= Unring the bell =

Legal analogy

In law, unring the bell is an analogy used to suggest the difficulty of forgetting information once it is known. When discussing jury trials, the phrase is sometimes used to describe the judge's instructions to the jury to ignore inadmissible evidence or statements they have heard. It may also be used if inadmissible evidence has been brought before a jury and the judge subsequently declares a mistrial.

Commenting on Court TV about the pre-trial release of nearly 200 pages of documents from a hearing on the sexual activities of the accuser in the Kobe Bryant sexual assault case, jury consultant Idgi D'Andrea said, "It's really hard to unring the bell, once that bell has been rung, and ask people to forget what they've heard." In a more recent case, judge Reggie Walton said that he could not "unring the bell" when he declared a mistrial in the Roger Clemens perjury trial.

==In Oregon v. Rader==
One of the earliest reported legal references to unringing a bell can be found in the Oregon Supreme Court case State v. Rader, 62 Ore. 37; 124 P. 195, argued on May 9, 1912, and decided on May 28, 1912.

In that case, the defendant, Frederick Rader, indicted as Fritz Rader, was tried and convicted of the crime of arson for allegedly burning two haystacks. The prosecution's theory was that Rader did so in retaliation for the victim reporting another crime (that Rader had cut off the tail of one of the victim's cows). At trial, the victim was permitted to testify concerning Rader's alleged tail-cutting. The court ruled that improper testimony had been admitted and it constituted a reversible error. Chief Justice McBride noted (at p. 40):

While in some cases an express instruction to the jury to disregard testimony injuriously admitted is properly held to cure the error, the courts are cautious in the application of this rule. It is not an easy task to unring a bell, nor to remove from the mind an impression once firmly imprinted there, and the withdrawal of the testimony should be so emphatic as to leave no doubt in the mind of the juror as to the unequivocal repudiation by the court of the erroneously admitted matter, and even then, in a case where the testimony is evenly balanced or contradictory, courts hesitate to sanction such withdrawal, though it seems necessary to permit this course in some instances.

==In USA v Lowis==
The phrase also appears several times in the ruling of the United States Court of Appeals for the Seventh Circuit in the case USA v Lowis, 174 F.3d 881, 885 (7th Cir. 1999). Gary Lowis was arrested for possession of amphetamine and marijuana. Between that arrest and the subsequent trial, he was arrested a second time on similar charges. Before the trial in the United States District Court on the first arrest, the judge granted a defense motion to exclude evidence of the second arrest. However, during testimony, a police witness quoted a statement made by Lowis after the second arrest. The judge later instructed the jury to disregard that portion of the evidence.

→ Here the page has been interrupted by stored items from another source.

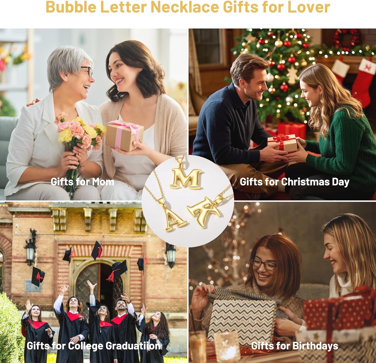 Gold Bubble Letter Necklace for Women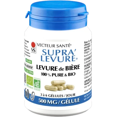 10,30 €SUPRA'LEVURE® Levure de Bière Bio Gélules de Vecteur Santé® est un complément alimentaire à base de levure de bière bio (Saccharomyces cerevisiae). Grâce à sa teneur en vitamine B9 (folates), il contribue au fonctionnement normal du système immunitaire, à la réduction de la fatigue et au maintien de fonctions psychologiques normales. Fabriqué en France. -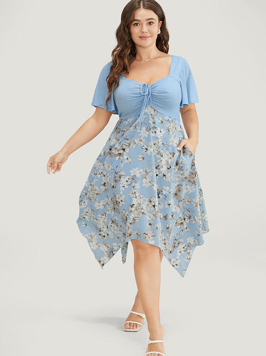 Floral Ruched Drawstring Ruffle Sleeve Pocket Hanky Hem Dress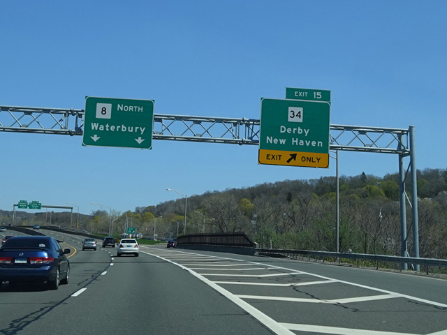 CT 8 is a major north/south expressway in Connecticut. It begins at the Connecticut Turnpike (I-95) in Bridgeport. It is multiplexed with CT 25 for the first few miles, but the two routes split just south of the Merritt Parkway (CT 15). CT 8 runs to the northeast across the Housatonic River to Derby. It then runs north to Naugatuck and Waterbury and then into Litchfield County. The section of CT 8 in Naugatuck is called the Ansonia-Derby Expressway; elsewhere, the expressway has no name. CT 8 is the only limited-access highway in Litchfield County. The expressway ends at South Main Street (US 44) in Winsted. At this point, CT 8 is multiplexed along US 44 westbound for a few blocks before splitting off onto Park Place East, which becomes North Main Street and then Colebrook River Road. CT 8 ends at the Connecticut-Massachusetts state line, where it becomes MA 8.

Lowis appealed his subsequent conviction, arguing, among other things, that the statements were so prejudicial to him that despite the judge's best efforts in instructing the jury to disregard that evidence, as a practical matter it was impossible to "unring the bell". Addressing the evidence admitted in error, the appeals court wrote that that evidence was "not a very loud bell" and the judge's instructions to the jury were adequate to "unring" it. Lowis' conviction was upheld.

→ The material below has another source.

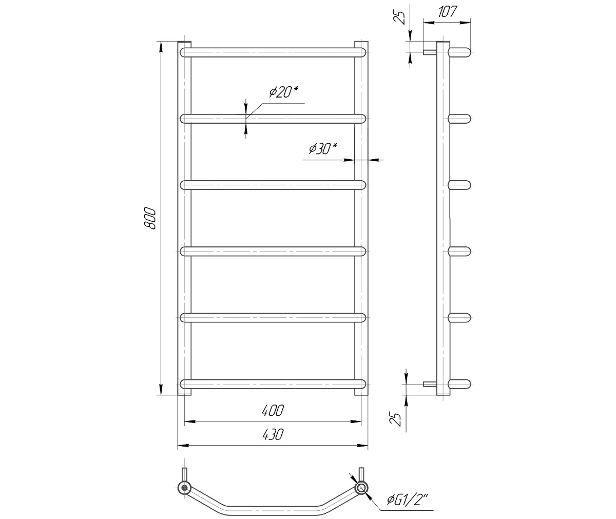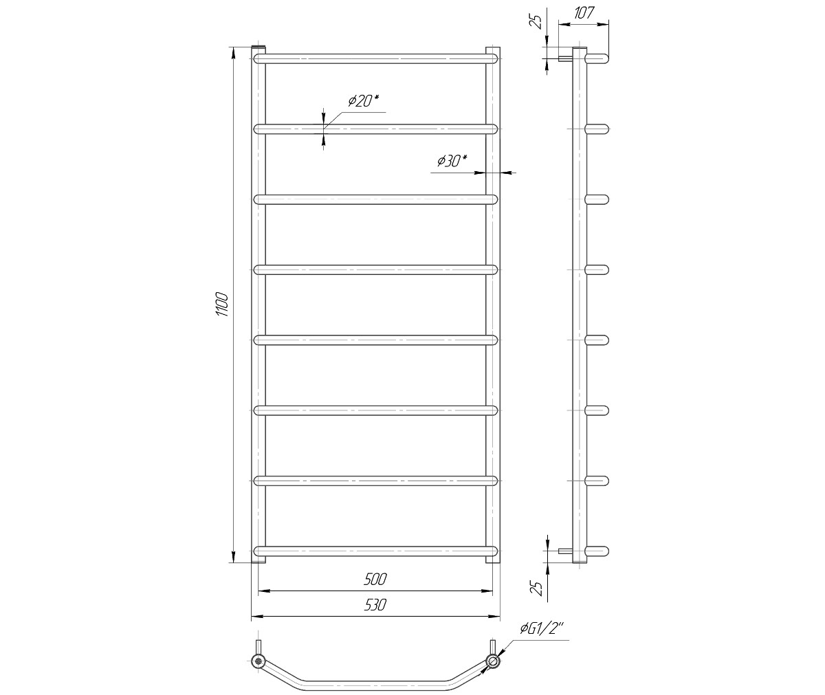 Водяной полотенцесушитель из нержавеющей стали Mario Трапеция HP

In its ruling in USA v Lowis, the appeals court provided some background and mentioned a few other phrases (citations removed):

"Unring the bell" is a good analogy which can save a lot of words in making the point. That phrase originated, as far as we can find, in Sandez v. United States [1956], and was elaborated on in Dunn v. United States, which added other pertinent analogies. "After the thrust of the saber it is difficult to forget the wound," was another, and then the most colorful one of all, "If you throw a skunk into the jury box, you can't instruct the jury not to smell it." In the present case there was no skunk thrown in the jury box. As also mentioned in Dunn, "Trials are rarely, if ever, perfect, but gross imperfections should not go unnoticed." We find no gross imperfections which would overpower the district court's instruction to the jury to disregard Lowis' statement.